## [Exercise prompt]
Below are some records. Write out exactly their lines from the one with "A walkway encased" through the one with "B Makowsky Jade", and leave the pictures behind.

## [Entries supplied]
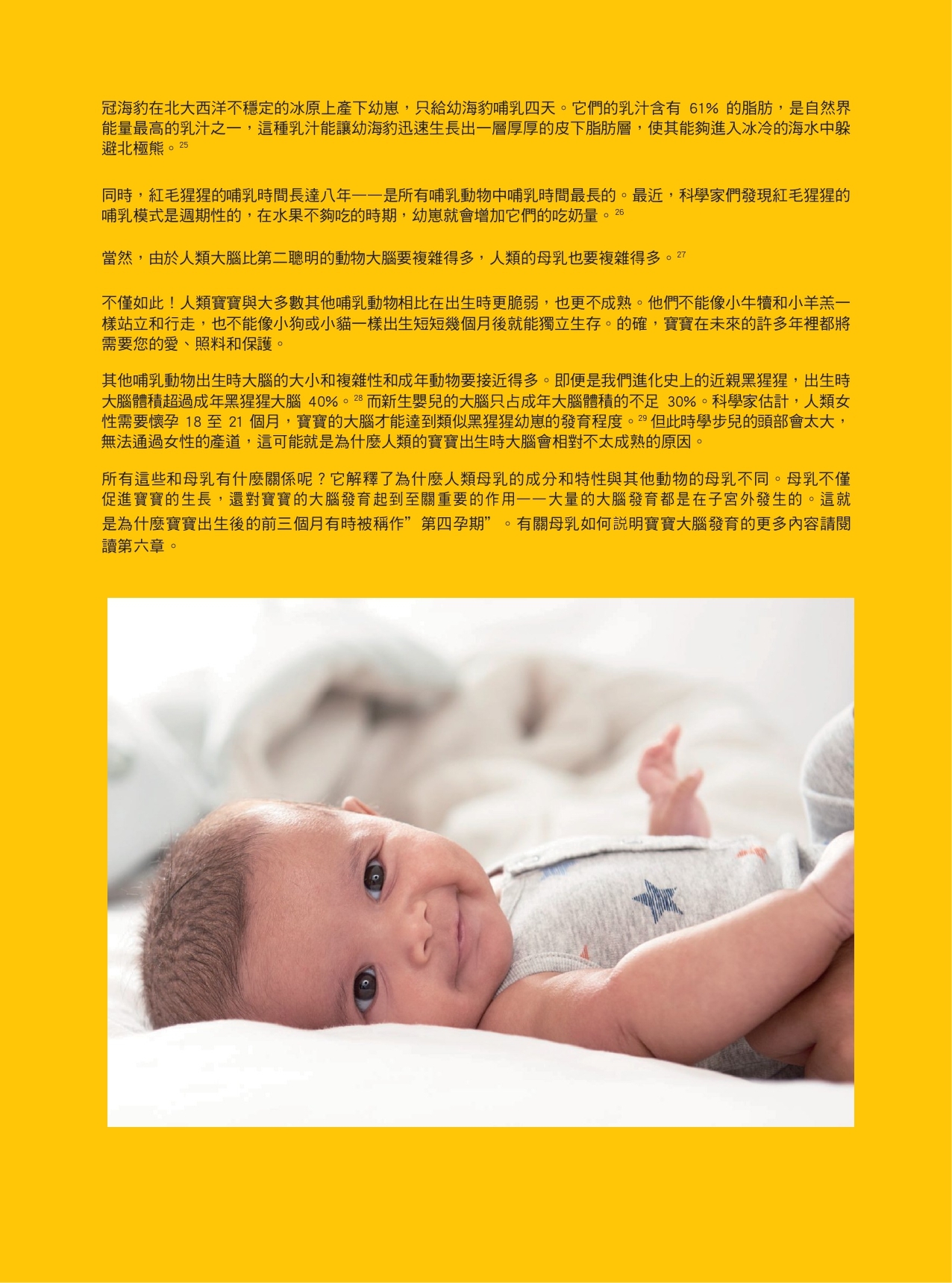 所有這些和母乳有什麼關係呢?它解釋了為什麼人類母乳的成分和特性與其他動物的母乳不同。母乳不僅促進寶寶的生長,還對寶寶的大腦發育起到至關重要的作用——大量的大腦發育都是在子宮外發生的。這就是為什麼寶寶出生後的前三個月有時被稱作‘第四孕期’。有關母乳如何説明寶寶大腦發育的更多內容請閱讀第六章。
---
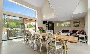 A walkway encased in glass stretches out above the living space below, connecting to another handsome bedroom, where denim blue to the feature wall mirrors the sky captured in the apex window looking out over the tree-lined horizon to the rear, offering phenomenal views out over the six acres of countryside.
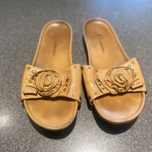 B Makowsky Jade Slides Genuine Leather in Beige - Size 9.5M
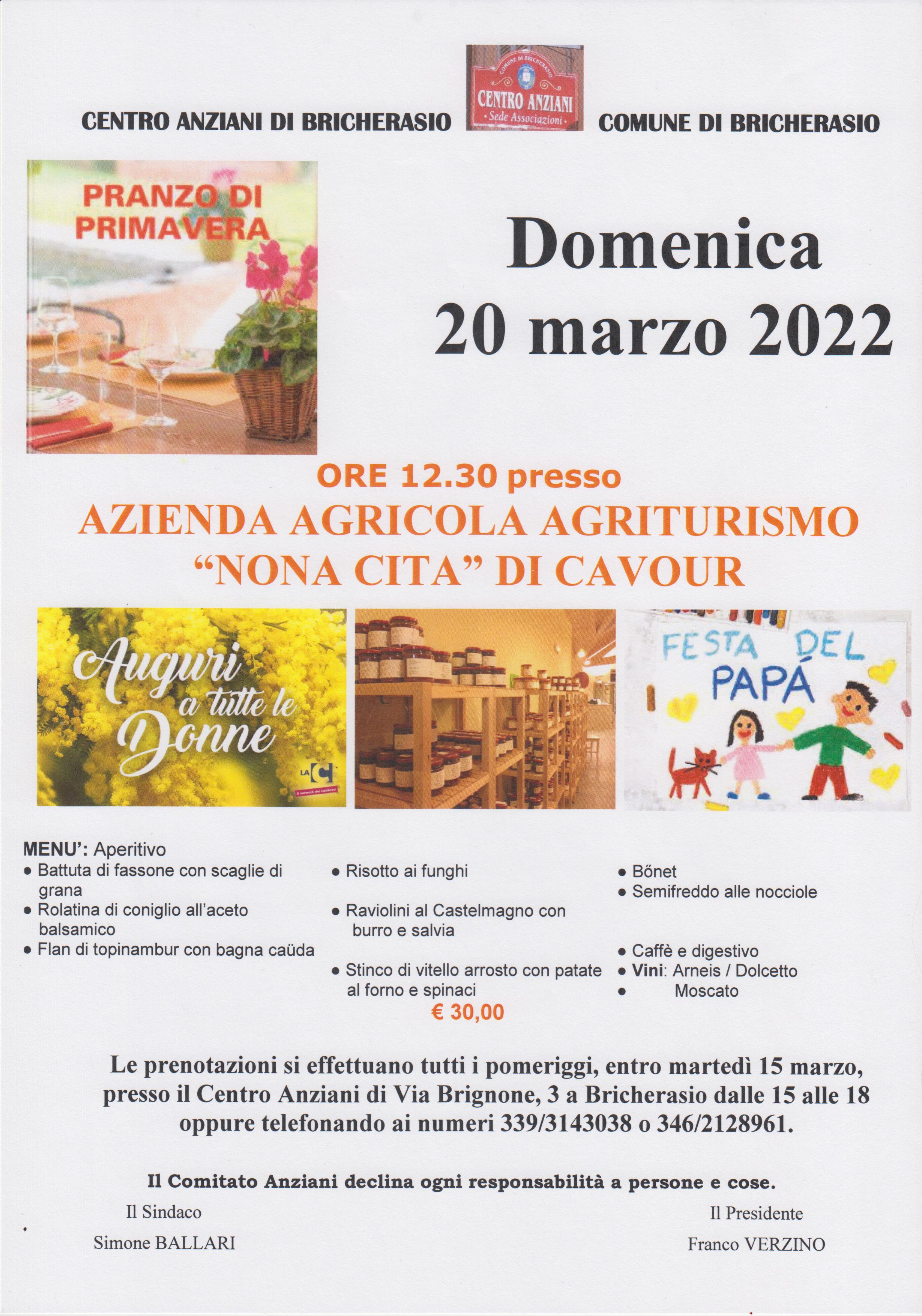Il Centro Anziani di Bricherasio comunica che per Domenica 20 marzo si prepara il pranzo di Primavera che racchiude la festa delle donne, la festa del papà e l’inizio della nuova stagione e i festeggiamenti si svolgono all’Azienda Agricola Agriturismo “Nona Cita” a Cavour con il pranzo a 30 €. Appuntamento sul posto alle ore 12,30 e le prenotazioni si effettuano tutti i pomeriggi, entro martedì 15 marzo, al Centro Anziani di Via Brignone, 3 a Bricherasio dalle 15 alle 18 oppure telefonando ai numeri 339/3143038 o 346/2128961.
* * *
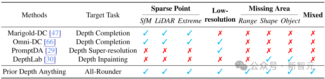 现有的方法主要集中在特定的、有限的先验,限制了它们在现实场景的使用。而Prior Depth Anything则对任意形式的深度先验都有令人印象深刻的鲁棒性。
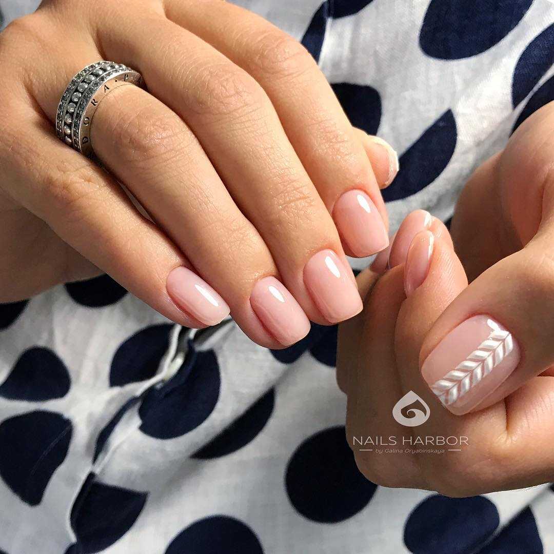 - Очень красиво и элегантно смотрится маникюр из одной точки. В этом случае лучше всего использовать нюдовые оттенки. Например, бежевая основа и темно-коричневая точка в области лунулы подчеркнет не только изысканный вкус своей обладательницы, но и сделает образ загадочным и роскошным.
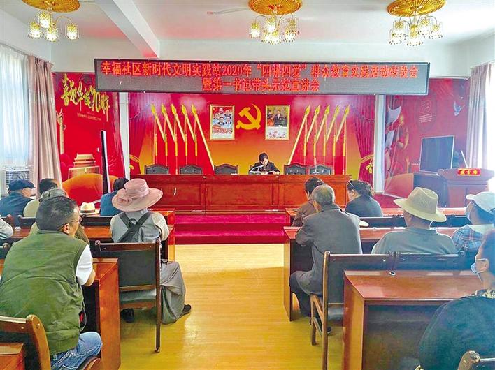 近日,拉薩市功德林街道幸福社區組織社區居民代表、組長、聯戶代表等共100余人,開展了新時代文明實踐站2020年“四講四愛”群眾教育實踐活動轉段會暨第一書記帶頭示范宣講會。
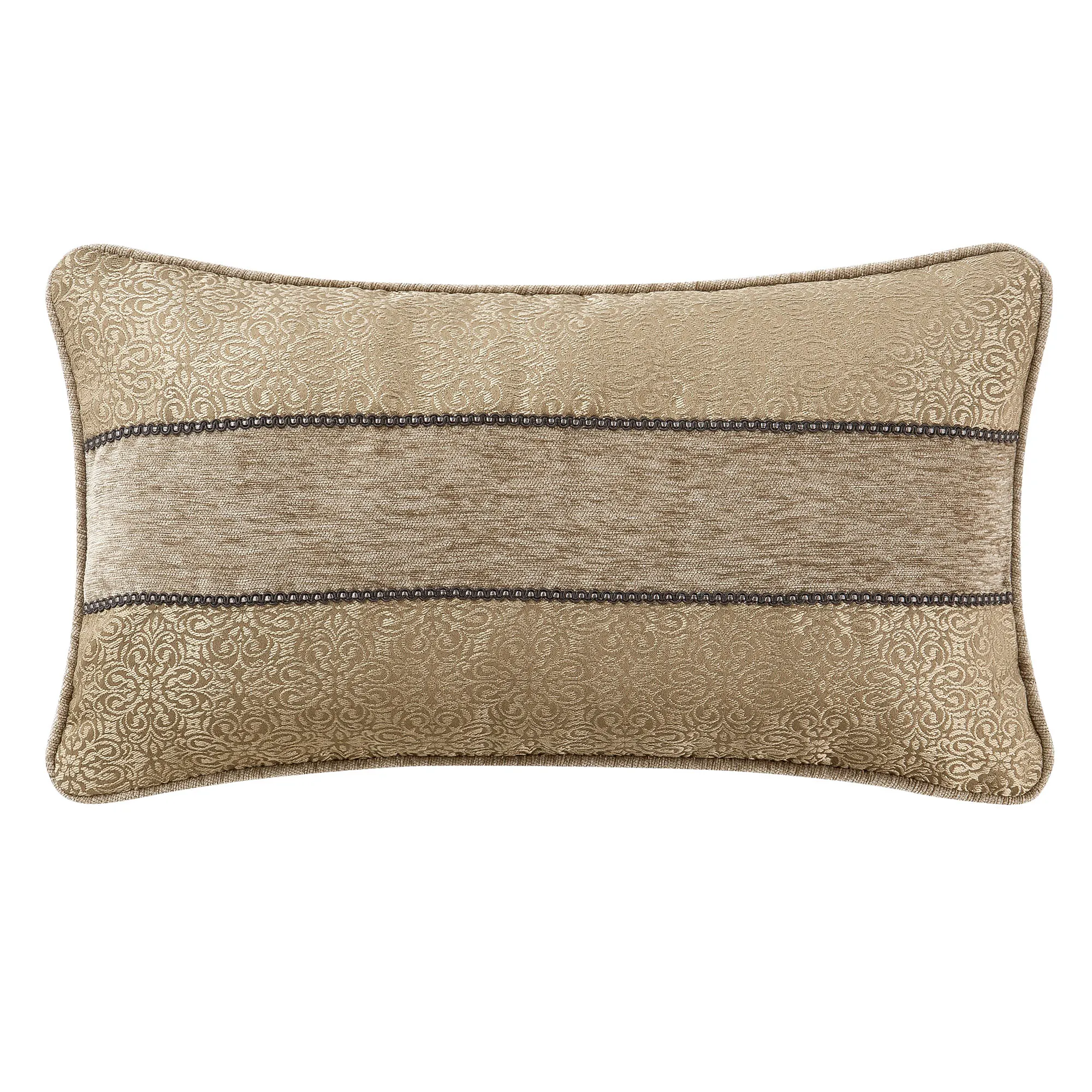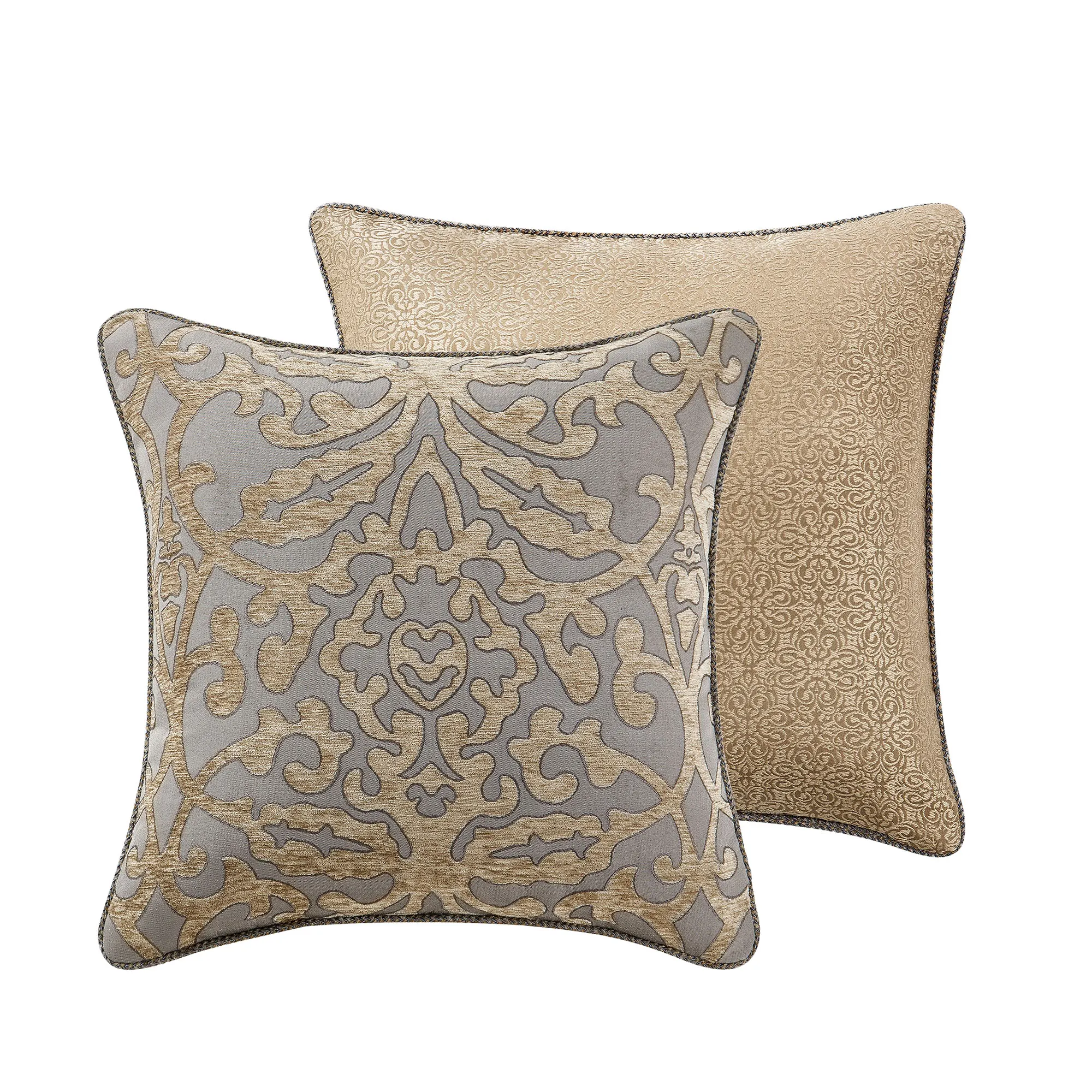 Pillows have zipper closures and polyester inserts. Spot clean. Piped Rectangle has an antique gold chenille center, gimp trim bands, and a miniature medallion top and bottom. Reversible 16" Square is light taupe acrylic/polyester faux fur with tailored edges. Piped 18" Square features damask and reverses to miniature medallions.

## [Expected answer]
 A walkway encased in glass stretches out above the living space below, connecting to another handsome bedroom, where denim blue to the feature wall mirrors the sky captured in the apex window looking out over the tree-lined horizon to the rear, offering phenomenal views out over the six acres of countryside.
 B Makowsky Jade Slides Genuine Leather in Beige - Size 9.5M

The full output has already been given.